El toro, desde el momento en el que nace hasta que pisa el ruedo no ha hecho o no han hecho con él,nada más que prepararle para la suerte de varas. En este supremo instante es cuando la res brava enseña su acento personal. Hasta entonces, ni el ganadero más experimentado ni el caporal más conocedor pueden saber lo que el toro trae adentro. Lástima que la suerte suprema, que no es la de la muerte, sino la de varas, se haya vuelto una vulgar pachanga a tono con la falta de casta de los bichos lidiados, a los cuales, para estar a ritmo con que sea la suerte suprema, se les mata a puyazos con todo el sadismo posible, como acontece domingo a domingo.

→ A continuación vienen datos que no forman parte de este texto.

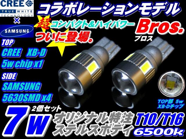 業務価格★超小型ハイブリッド,EV,12v,24v全て対応!!ステルス仕様 7wコラボレーションモデルBros.◆T10/T16 CREE-5W+サムスン5630SMD 4連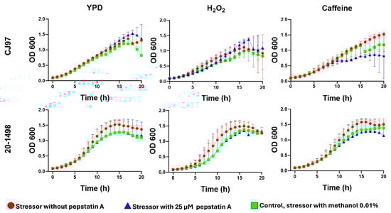3.4. Growth of C. auris CJ97 and 20-1498 in the Presence of Different Stressor Compounds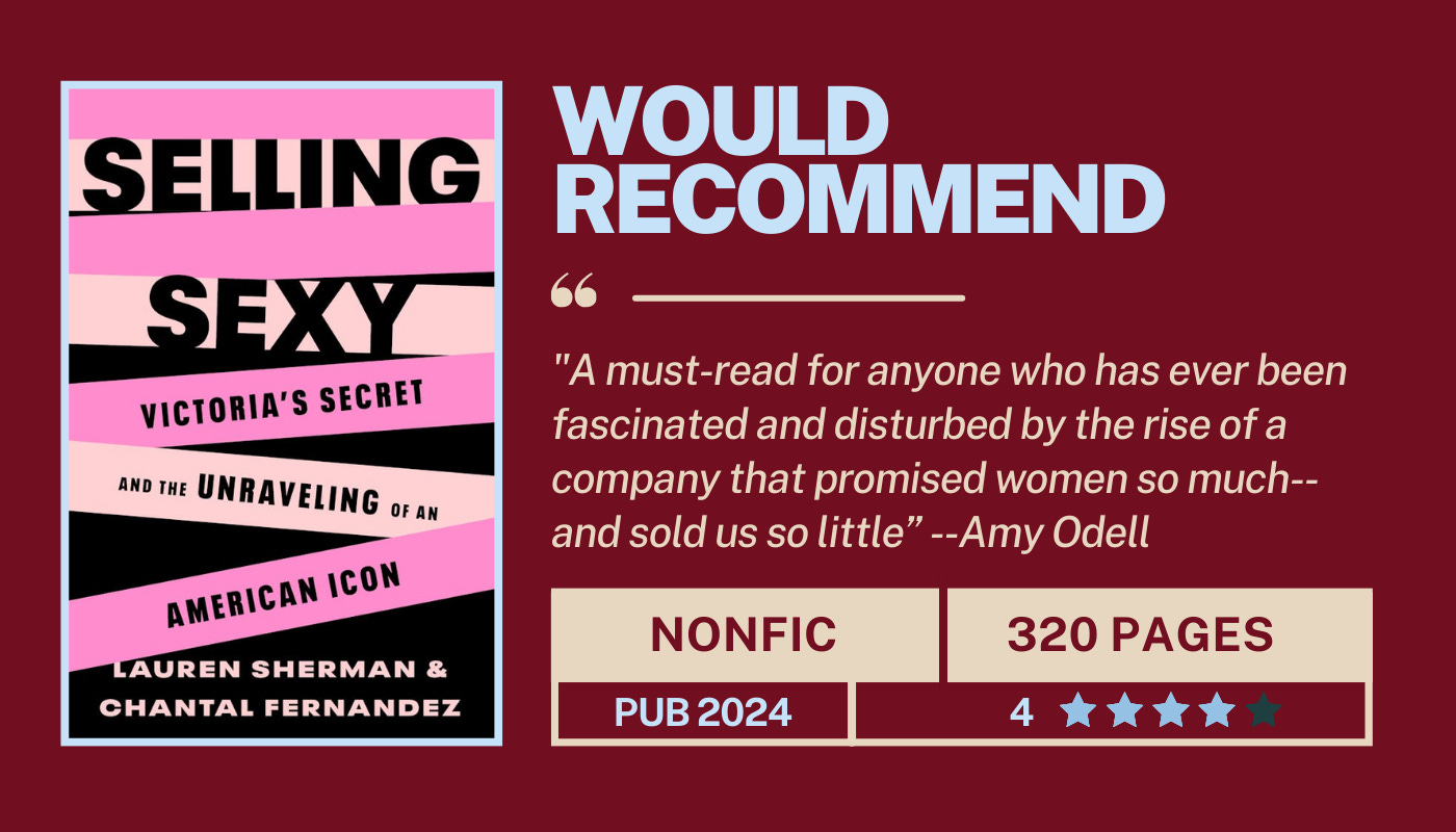 I find the story of Les Wexner’s empire to be incredibly, darkly fascinating. I absolutely devoured the documentaries about both Victoria’s Secret and Abercrombie & Fitch. For anyone who grew up in the early 2000s, these mall brands were the backdrop of our childhoods. For me, they were also an emphasis on the ways I did not fit in. Wexner’s portfolio of brands is dark and twisty, a uniquely American encapsulation of consumerism and entrepreneurship. This book gives us a deep look into the inception, creation, and progression of Victoria’s Secret as a brand. I went to school for fashion, and the fashion history nerd inside of me loved the more technical aspects of the first parts of the book. Only later does it get into more of the pop cultural relevance, like the Angels and VS Pink. If you have any interest in the subject, I’d certainly recommend this book. Read when you’re ready to find a new underwear brand (if you haven’t already).

¿Dónde quedó la emoción -bruta si se quiere- del picador con el brazo armado y el toro como centella partiendo hasta el peto desde los medios? ¿Dónde quedaron los toros que al tomar la primera vara -que no es la primera estocada-, se crecían y entraban a la segunda con mayor coraje y a la tercera con más fiereza, siempre in crescendo, aguantaban cinco o seis puyazos, produciendo tumbos que cimbraban a la plaza de emoción? Y no lo sucedido ayer en la Plaza México, que los picadores cazaban a los toros de Lebrija, asestándoles estocadas disfrazadas de puyazos, tapándole la salida al toro, retorciéndoles la puya en las carnes, para dejar a los toritos sin fuerza para que los matadores se les acercaran, ya agónicos, cuando pedían una cama y su vaca para bien morir.
Los toros de Lebrija, mansos y descastados de salida, eran acribillados por los picadores para pegarles con ganas. Los toros salían sueltos y nueva ración de puya. Mansos, si por esto se entiende la embestida al caballo al llegar a banderillas. Se crecían y llegaron casi todos a la muleta -con excepción del cuarto y el sexto- suaves, deliciosos, de dulce para los toreros.
Así, inesperadamente, todo el brujesco y fatal encanto del toreo nos encalentó el espíritu en la tarde invernal, después de que el rejoneador casi nos duerme durante casi una hora.
Las embestidas de los toros, erráticas al principio, lentamente se rompían en la suavidad de terciopelo y la naturalidad de su acometer, que le da la profundidad a su quehacer en la muleta.
Lástima que los toreros se asustaron de su propio éxito. Seguramente hinoptizados por lo incierto de la salida de los torillos. Bote se fue a la enfermería que por una cornada que se dio por sus propios nervios.
El Zotoluco desaprovechó su primer toro, que era de consagración. Toro que no permitía dudas, y cambiaba de lidia y embestía mejor cada pase.
Alejandro Silveti, en cambio, se alzó como el gran triunfador al cortar una oreja y dar una vuelta al ruedo protestada. Toreo silvetista lleno de belleza que se dio en lo inesperado e improvisado, cuando nadie esperaba mucho de él. Pegó dos o tres tandas de pases naturales, superiores por su temple y mando -quizá con el defecto de usar el pico de la muleta y ésta atrasada.
La plaza se despertó y cuando todos esperábamos el faenón, Alejandro, sorpresivo otra vez, dejaba caer las faenas. De todos modos, triunfó aunque, no al igual que El Zotoluco, con faenas consagratorias a tono con la delicia de los de Lebrija, en la muleta.